The Evansville and Crawfordsville Railroad Company (E&CR) was Evansville, Indiana's first railroad company.
It had a 160 mile long railway that connected those two places.
It was renamed Evansville and Terre Haute Railroad in 1877.
It went on to be consolidated with other railroads of the region into the Chicago & Eastern Illinois Railroad.

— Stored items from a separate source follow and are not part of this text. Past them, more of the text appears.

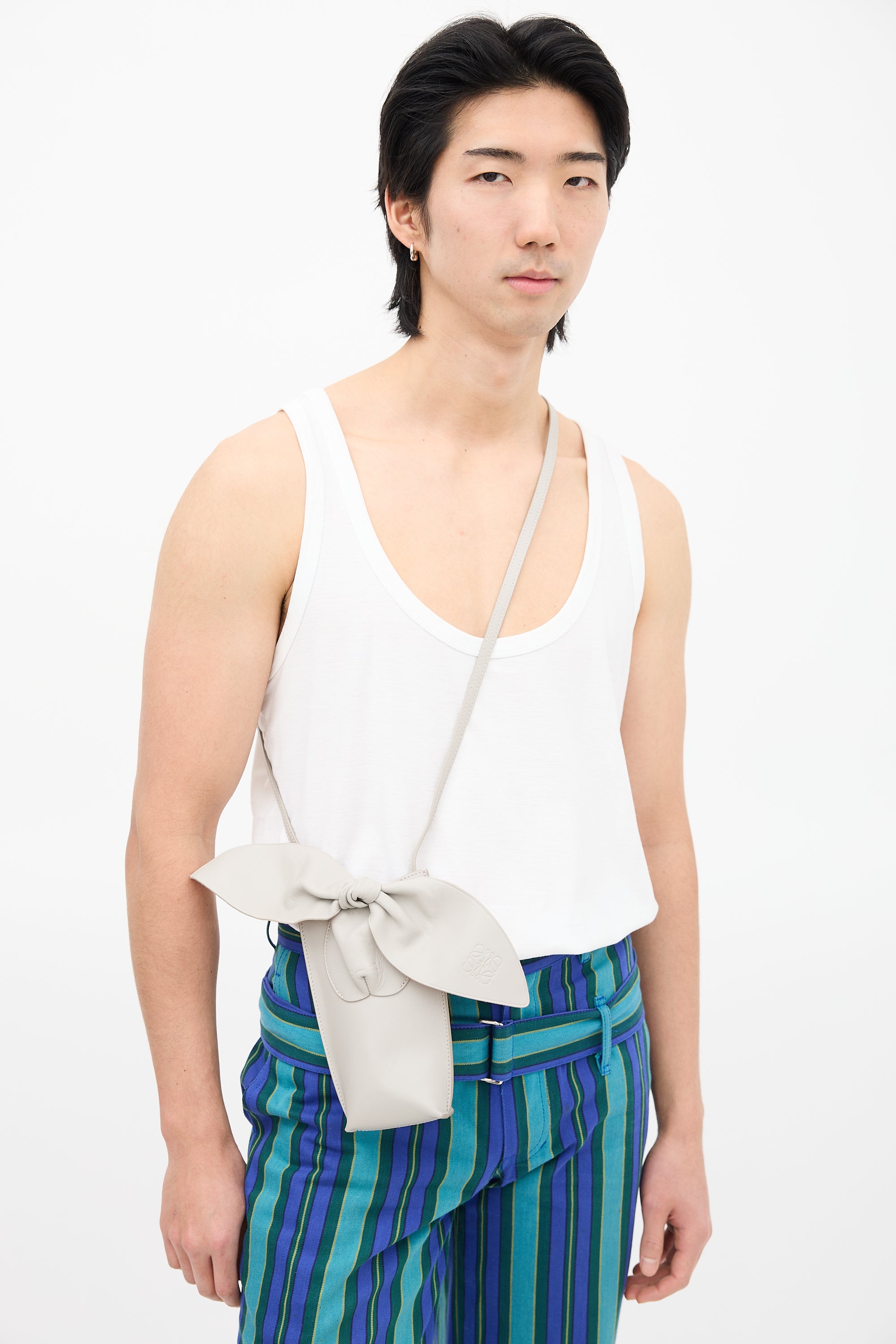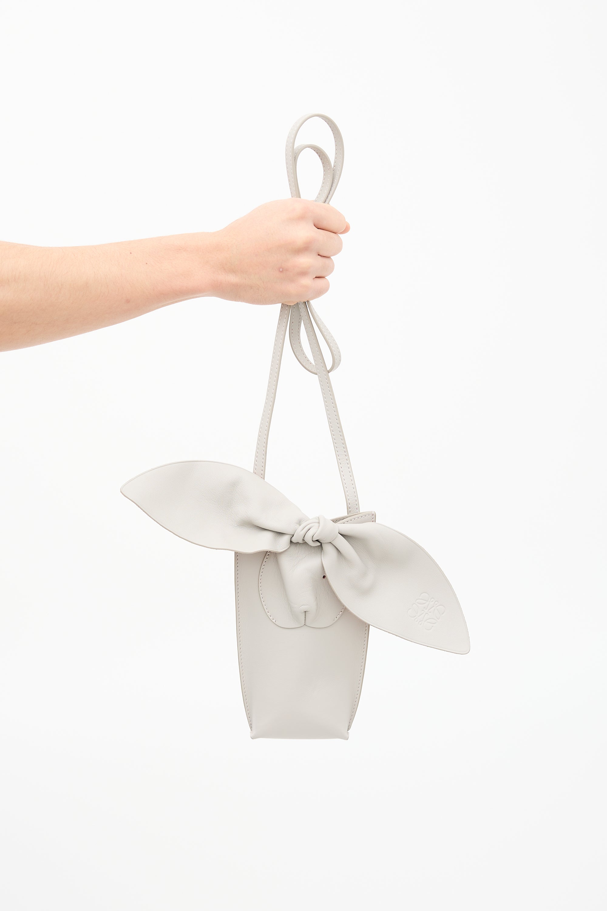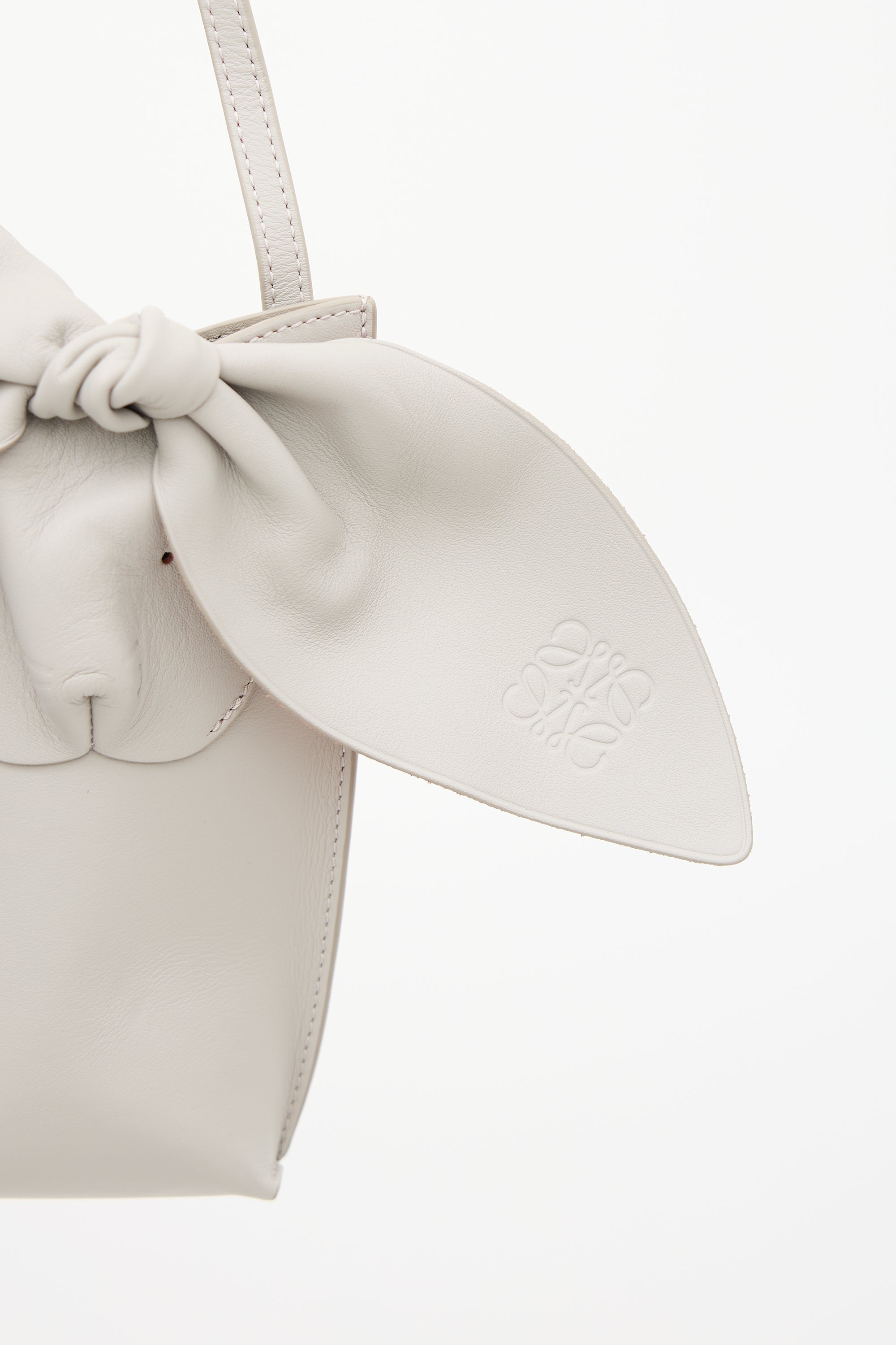 Pre-owned Loewe grey leather Bunny bag featuring knotted bow with debossed logo, snap buttoned strap closure, slip pocket at back, one lined main compartment, and one attached crossbody strap. Comes with original dust bag.
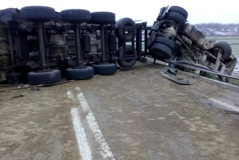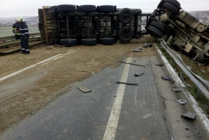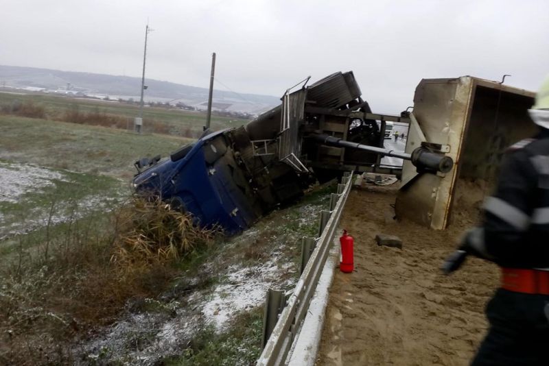Un camion plin cu nisip s-a răsturnat pe DE 581, blocând circulația
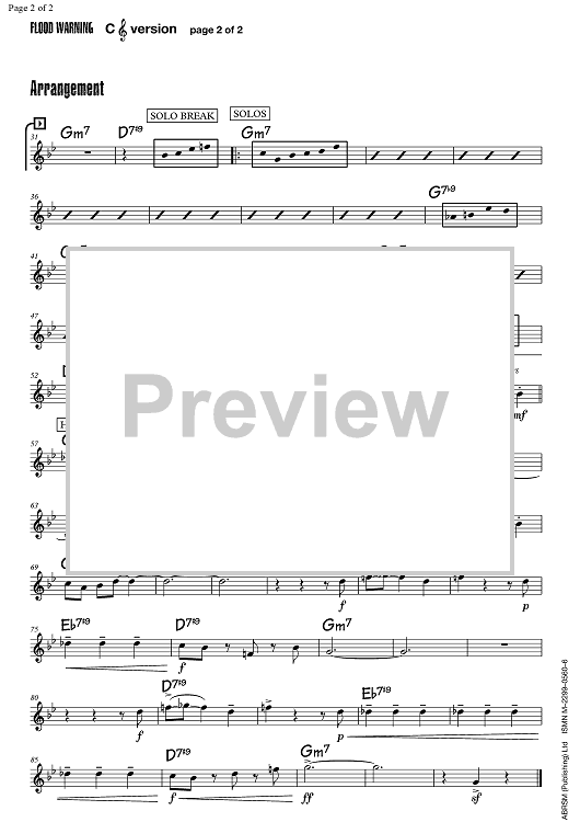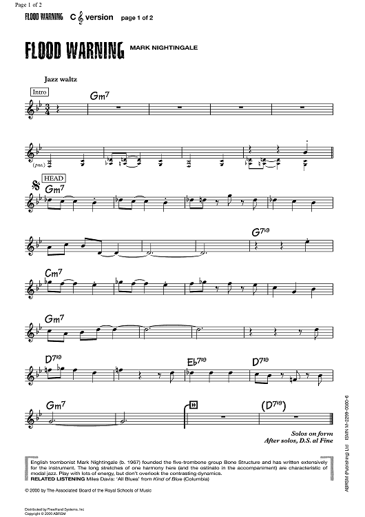 Digital Sheet Music for Flood Warning - C Instruments by Mark Nightingale scored for Lead Sheet; id:355468
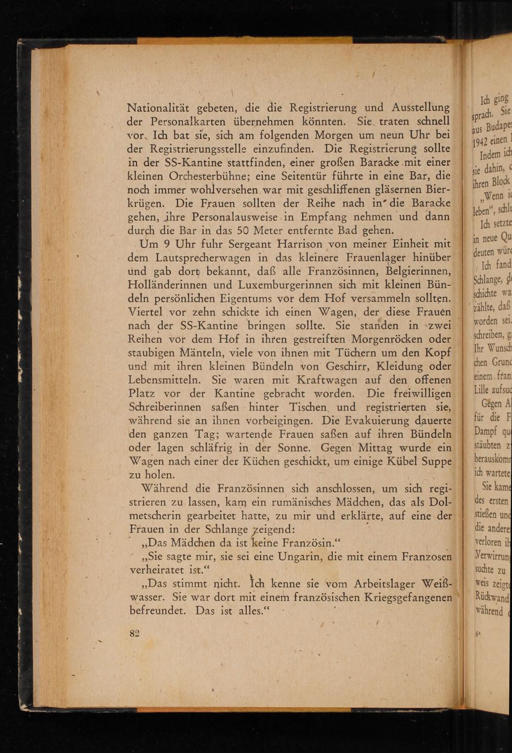 Nationalität gebeten, die die Registrierung und Ausstellung der Personalkarten übernehmen könnten. Sie traten schnell vor. Ich bat sie, sich am folgenden Morgen um neun Uhr bei der Registrierungsstelle einzufinden. Die Registrierung sollte in der SS - Kantine stattfinden, einer großen Baracke mit einer kleinen Orchesterbühne; eine Seitentür führte in eine Bar, die noch immer wohlversehen war mit geschliffenen gläsernen Bierkrügen. Die Frauen sollten der Reihe nach in die Baracke gehen, ihre Personalausweise in Empfang nehmen und dann durch die Bar in das 50 Meter entfernte Bad gehen.

== Initial incorporation and charters ==
The railroad was originally chartered by an Act of the Indiana legislature on January 2, 1849, as the Evansville and Illinois Railroad Company (E&IR) to connect Evansville with the Ohio & Mississippi Railroad at Olney, Illinois via Princeton.
This was amended on January 21, 1850, to extend the railway from Princeton to Vincennes instead, and to remove the authorisation to build to Mt Carmel, Illinois.
A separate Wabash Railroad Company had been chartered to build a railroad from Vincennes to Crawfordsville, but it was merged into the E&IR on November 8, 1852, and the company name was changed by Act of the state legislature, authorising the merger, to finally become just the E&CR on March 4, 1853.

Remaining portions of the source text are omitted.